For both business owning and non-business owning households, the fall in assets only appears in March 2021. On the other hand, both savings and net borrowing immediately deteriorate in May 2020. While it is difficult to determine exactly why assets only decline a year into the pandemic, it is possible that households delayed selling assets as long as possible, using savings and borrowing instead. We see evidence in support of this in the self-reported reasons for drawing down on savings and taking more loans, with 20% of households reporting taking a loan primarily to avoid having to sell assets. Additionally, it may have been difficult to sell assets during the lockdown period from end March to end July 2020, since all markets other than for food were shut. As such, selling assets may not have become possible until August 2020, and might not have occurred frequently enough by September 2020 for us to pick this up in the survey.
It is clear that business owning households have made up for their large declines in income by selling down liquid and illiquid sources of wealth and increasing debt substantially.
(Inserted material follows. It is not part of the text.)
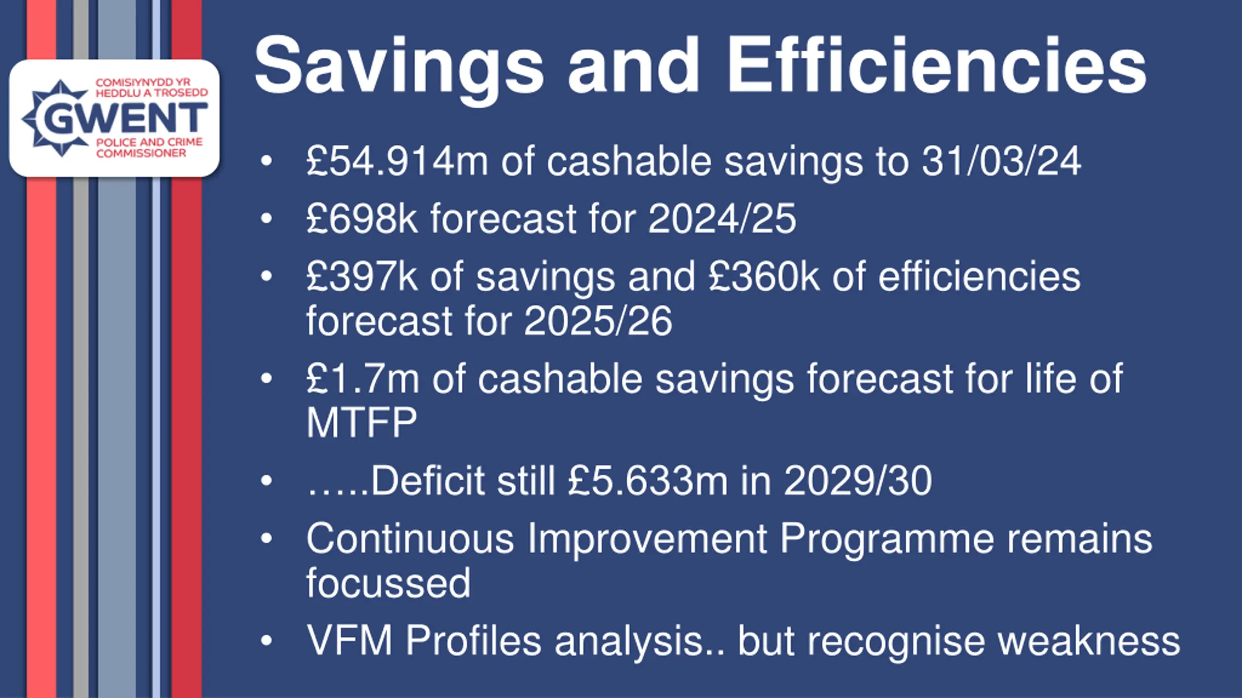 Savings and Efficiencies 54.914m of cashable savings to 31/03/24 698k forecast for 2024/25 397k of savings and 360k of efficiencies forecast for 2025/26 1.7m of cashable savings forecast for life of MTFP ..Deficit still 5.633m in 2029/30 Continuous Improvement Programme remains focussed VFM Profiles analysis.. but recognise weakness

This huge decline in their financial position could also explain why they were not able to restart their enterprises, even a year later, and why they do not expand their farming activities. The impact of this for their financial position going forward is extremely concerning.
6 Identification threats
The identification of the effect of the Covid-19 pandemic in the one-year period since the lockdown was first imposed is threatened by usual fluctuations in the economic variables we examine due to seasonality. This is particularly likely to be a concern amongst agricultural households of the sort we study here. While potentially a concern for the intra-year analysis, it’s important to note that we focus in this paper on household outcomes in the same month – March – pre and post pandemic in 2020 and 2021, which cannot be threatened by intra-year seasonality.
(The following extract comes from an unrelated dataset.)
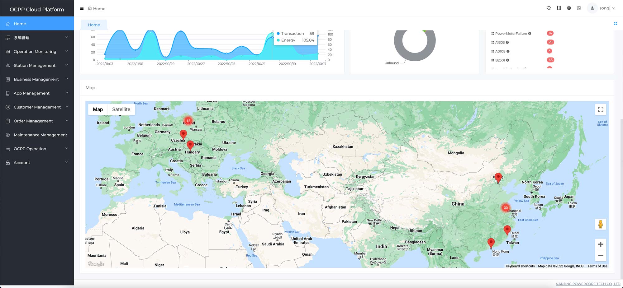 5.GIS: real-time display of all current charging pile positions, working information and other states; on the map.

To help quantify the usual intra-year fluctuations in the outcomes, we use the Uganda National Panel Survey (UNPS) 2015-2016 to understand what the patterns of key outcomes are over the year. We analyse key outcomes available in the UNPS dataset that closely match ours: average consumption expenditures, labour supply and earnings in the last 7 days for the same months as the surveys done for this study to see if we see similar patterns to those we find (Appendix Fig. A2). The patterns we find for the same outcomes are a lot more stark than the usual fluctuations in the same months during a normal year, and do not always move in the same direction at the same time. For example, we find a 50% increase in labour supply per adult from March to May while in UNPS, there is only a 15% increase for the same months, we find that food expenditures decrease by 50% from March to May, while in the UNPS there is only a slight decrease, and there are small fluctuations in labour earnings through the year in UNPS while we saw a large 65-70% decline from March to May/June and then a small steady recovery each month. While we cannot completely rule out the impacts of seasonality, these patterns make us confident that the results we find are not driven by it entirely.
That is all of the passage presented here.